Huit idées reçues sur l'Empire romain décryptées par les historiens

Des gladiateurs à la place des femmes en passant par les martyrs chrétiens, ces huit mythes sur l'Empire romain ont la peau dure.

De Parissa DJangi
Publication 7 nov. 2024, 18:49 CET
Un conservateur restaure un buste romain. De nos jours, de nombreuses statues romaines sont d'un blanc ...

Un conservateur restaure un buste romain. De nos jours, de nombreuses statues romaines sont d'un blanc immaculé. Pourtant, dans l'Antiquité, ces sculptures étaient ornées de peintures vives et de motifs complexes, leur donnant une apparence bien différente, et bien plus colorée que celle que nous leur connaissons aujourd'hui.

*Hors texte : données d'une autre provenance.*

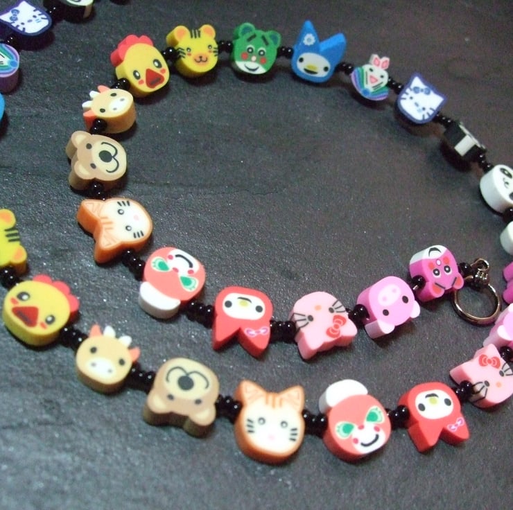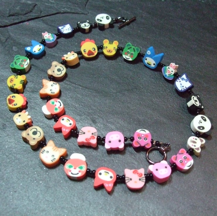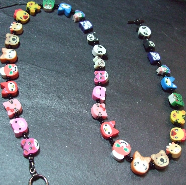 A cute, whimsical adult version of our popular children's necklace from the Kitsch Creations Animal Magic Collection, this item is lovingly constructed using miniature animal-themed polymer clay canes carefully placed in a rainbow configuration, off-set to dramatic effect with the simplest black seed beads and high quality black plated metal jewellery findings. The adorable animal canes used in this vibrant design are bound to attract attention! Please note that occasionally different animal heads may have to be substituted.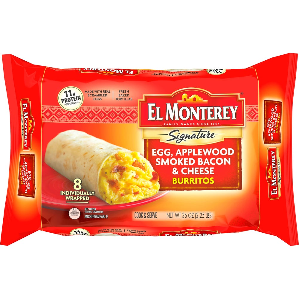 Burritos de desayuno de tocino ahumado con madera de manzano y huevo, queso, cocinar y servir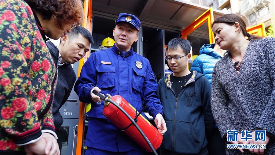 4月1日,在红谷滩新区凤凰家园社区,消防员在为居民介绍灭火器的特点及使用方法。新华社记者 彭昭之 摄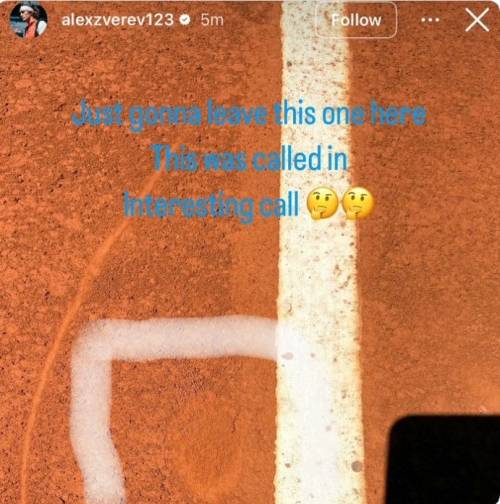 경기 후, 즈베레프는 자신의 인스타그램에 촬영한 볼 마크의 사진을 올렸다.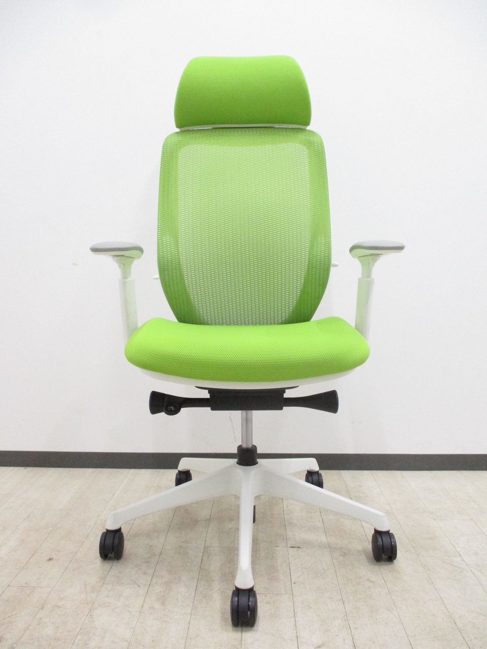 【前傾チルト機能付き!オカムラ製品で最も人気を集める高機能メッシュチェア!】■オカムラ(okamura)製 シルフィ(Sylphy)チェア ハイバック 肘付き ■可動肘 ■ヘッドレスト付き ■ライムグリーン × ホワイトシェル ※実際の商品はヘッドレスト部分のみブラックカラーとなります。

PHOTOGRAPHIE DE Andrea Frazzetta, Nat Geo Image Collection

Des superproductions hollywoodiennes aux jeux vidéo, la Rome antique occupe une place de choix dans la culture populaire. Dès sa fondation en 27 avant notre ère, l’Empire romain exerça une influence importante sur toute la Méditerranée, qui dura plus de 500 ans.

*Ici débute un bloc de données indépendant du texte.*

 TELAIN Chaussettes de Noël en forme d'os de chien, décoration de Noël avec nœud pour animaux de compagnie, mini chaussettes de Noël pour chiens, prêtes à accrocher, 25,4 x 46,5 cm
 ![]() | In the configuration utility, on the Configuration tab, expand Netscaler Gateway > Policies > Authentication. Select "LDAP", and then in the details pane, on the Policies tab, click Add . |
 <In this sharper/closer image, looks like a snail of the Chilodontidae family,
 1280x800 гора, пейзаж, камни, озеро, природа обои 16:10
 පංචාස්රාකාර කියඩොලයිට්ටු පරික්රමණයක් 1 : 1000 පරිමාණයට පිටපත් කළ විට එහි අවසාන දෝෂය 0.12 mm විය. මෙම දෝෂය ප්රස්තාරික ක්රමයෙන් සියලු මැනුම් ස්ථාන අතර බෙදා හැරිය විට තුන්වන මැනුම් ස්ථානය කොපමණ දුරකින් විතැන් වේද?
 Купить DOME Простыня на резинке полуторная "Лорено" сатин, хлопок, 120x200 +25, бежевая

Cependant, entre arènes meurtrières, décadence impériale et statues d’une impeccable blancheur, sommes-nous vraiment certains de connaître cette histoire vieille de deux millénaires ?

 

MYTHE 1 : LES GLADIATEURS SE BATTAIENT TOUJOURS JUSQU’À LA MORT

Contrairement à ce que nous voyons dans de nombreux films, le plus souvent, les gladiateurs ne se battaient pas jusqu’à la mort. Dans son ouvrage Naked Statues, Fat Gladiators, and War Elephants, l’historien Garrett Ryan estime que seul un combat sur cinq menait à la mort des gladiateurs.

En effet, un gladiateur mort ne pouvant plus rapporter d’argent, faire mourir les combattants dans l’arène n’était tout simplement pas rentable. Chaque mort entraînait une perte financière pour le laniste, l’individu qui possédait, louait et entretenait les troupes de gladiateurs.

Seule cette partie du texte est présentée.